Mario Cervera Profile picture
I help you become better software engineer. Clean code, TDD, testing, design, algorithms & DS. Software craftsman @lifullconnect. Lecturer @UniversidadVIU. PhD.

Jul 6, 2020, 6 tweets

Several days ago, I published a tweet where I asked which of these two statements was better:

1⃣ dog.expressHappiness();
2⃣ dog.getBody().getTail().wag();

Many things can be said in favor of the first statement.

A thread 🧵 1/6

#SoftwareEngineering #oop #100DaysOfCode

The first statement:

🔹 Increases readability: it expresses the intent of the code clearly.
🔹Reduces complexity: it contains only one method call.
🔹Hides implementation details: it expresses "what" the code does, not "how". 2/6

The second statement makes changes difficult.

❓ What happens if happiness must now be expressed by "jumping and barking"?

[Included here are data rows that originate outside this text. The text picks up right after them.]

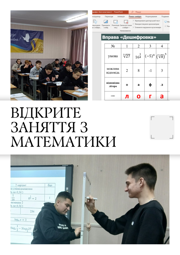 В межах виконання індивідуального плану викладача та пошуку нових напрямків удосконалення педагогічної майстерності Ірина КОНДРАТЕНКО на початку листопада провела відкрите заняття з математики за темою “Логарифми та їх властивості”.
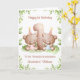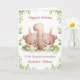 Det här födelsedagskortet är lämpligt för tvillingflicka och -pojke. Designen inkluderar en akvarellgrönsaklig rand, siffran 1 och två bruna teddybjörnar med födelsedagsballonger och födelsedagshattar.
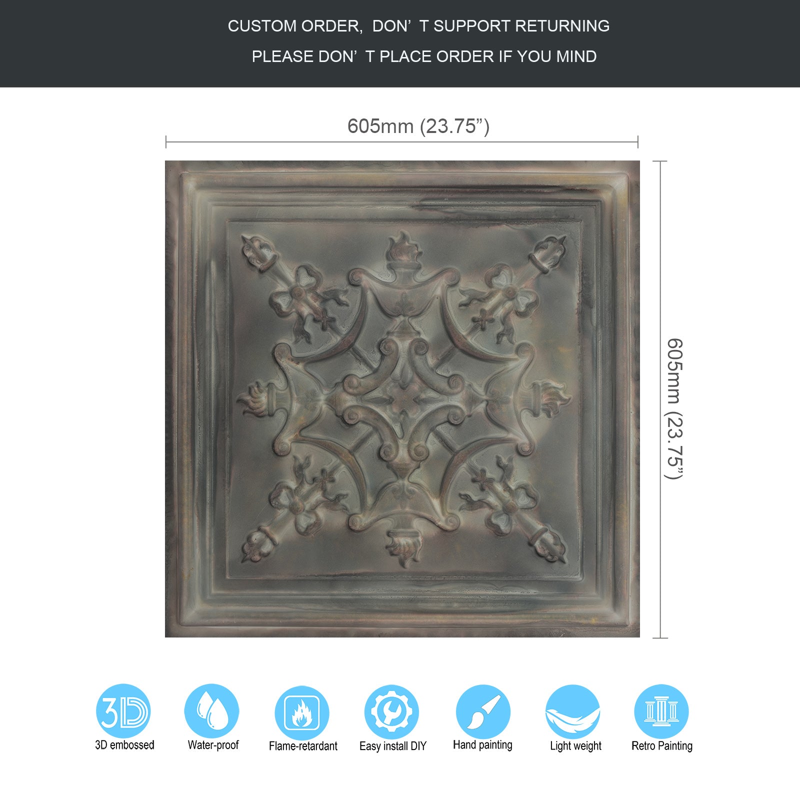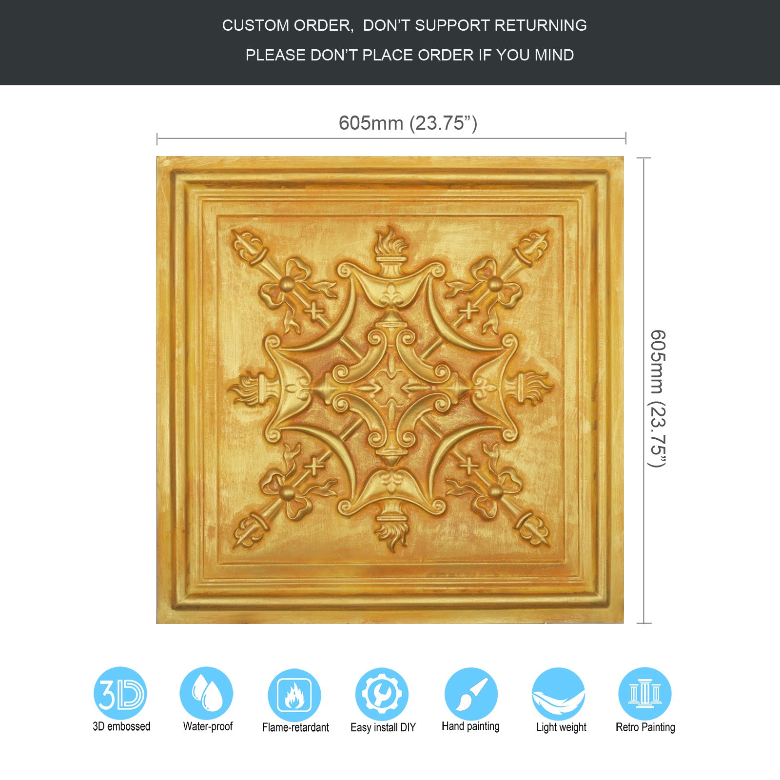 Dimension:23.75" x 23.75"(or 605mmx605mm)
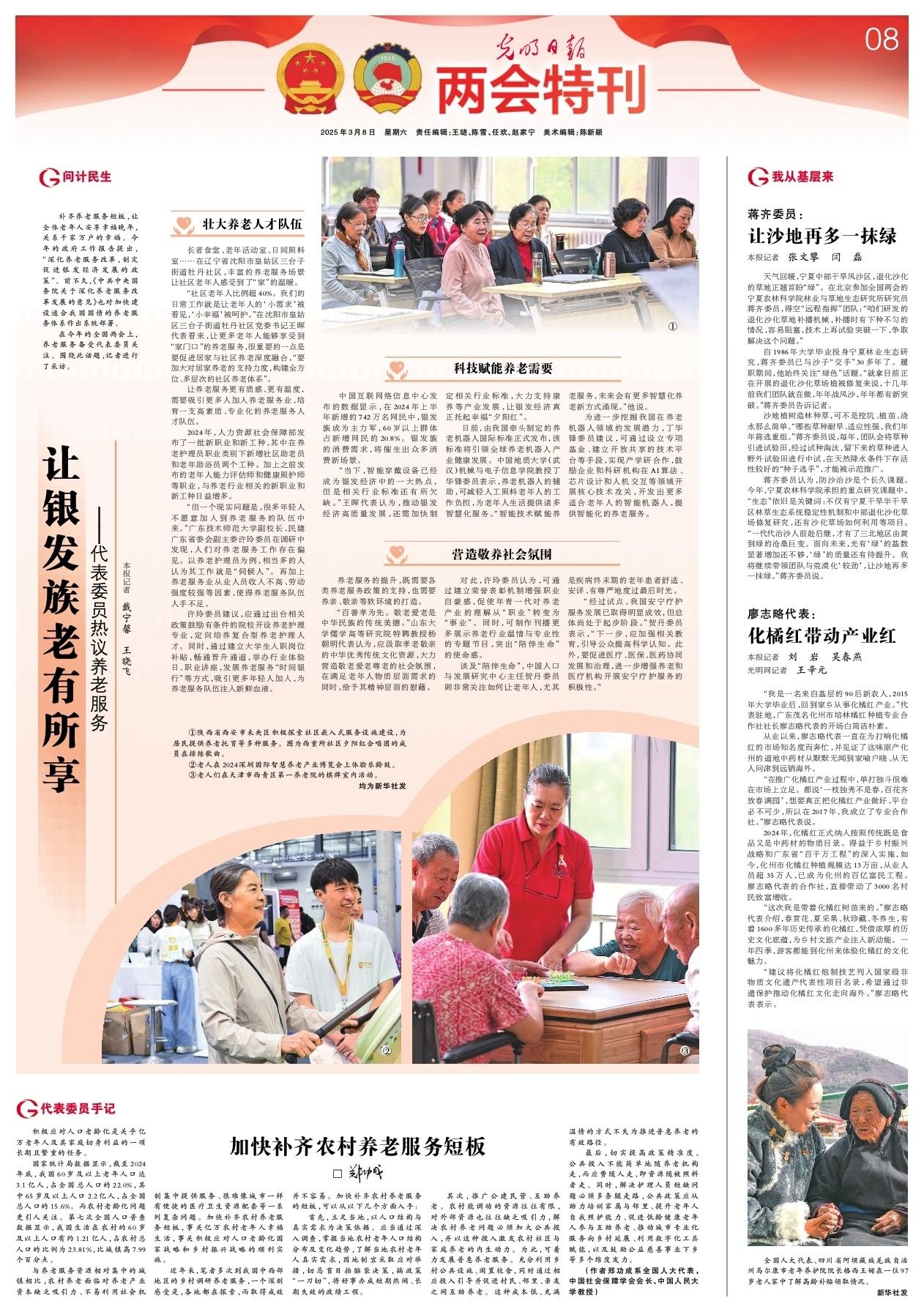 “當下,智能穿戴設備已經成為銀發經濟中的一大熱點,但是相關行業標準還有所欠缺。”王暉代表認為,推動銀發經濟高質量發展,還需加快制定相關行業標準,大力支持康養等產業發展,讓銀發經濟真正托起幸福“夕陽紅”。
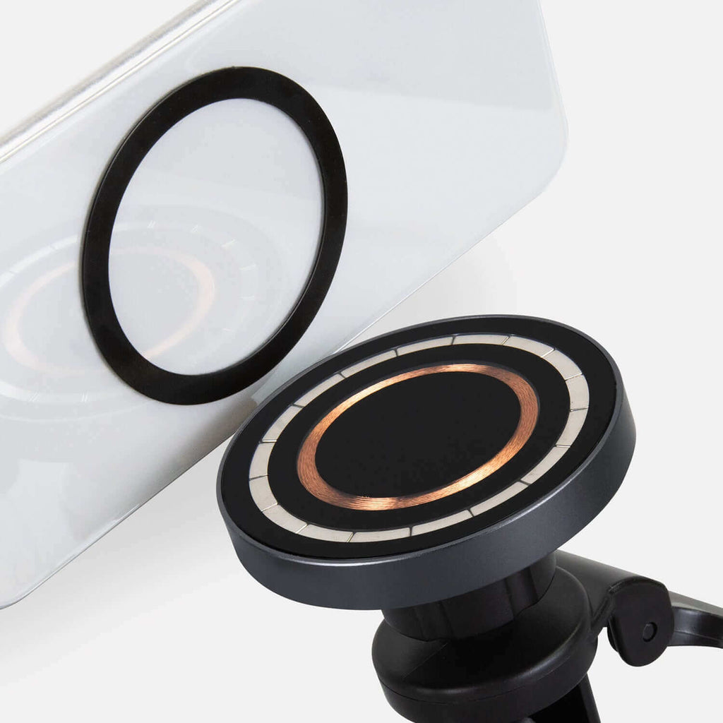 Introducing the INGENIO Arc Wireless Car Charger, a perfect blend of innovation and elegance designed for modern drivers. This 15W magnetic charger features a premium black glass finish with refined copper accents, making it a stylish addition to any vehicle.
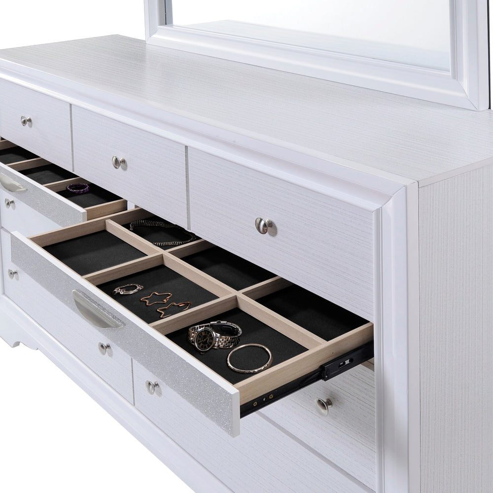 - Dresser has seven drawers providing ample storage

We have to apply changes in all places where statement 2 (or a similar version of it) appears.

This is how systems become *rigid* and hard to change. 3/6

📔 The "Law of Demeter" says that a module should not know about the internals of the objects it manipulates.

Statement 2 violates this principle because it asks the dog about its internal structure (body and tail).

Statement 2 breaks encapsulation and increases coupling. 4/6

We should not be forced to traverse the graph of objects, searching for the method we want to call. We should be able to directly tell an object what to do:

➡️ object.doSomething();

📔 This is called the "Tell Don't Ask" principle. 5/6

The first statement facilitates testing.

If we want to unit test a piece of code that calls the "expressHappiness" method, we can mock the implementation of this method.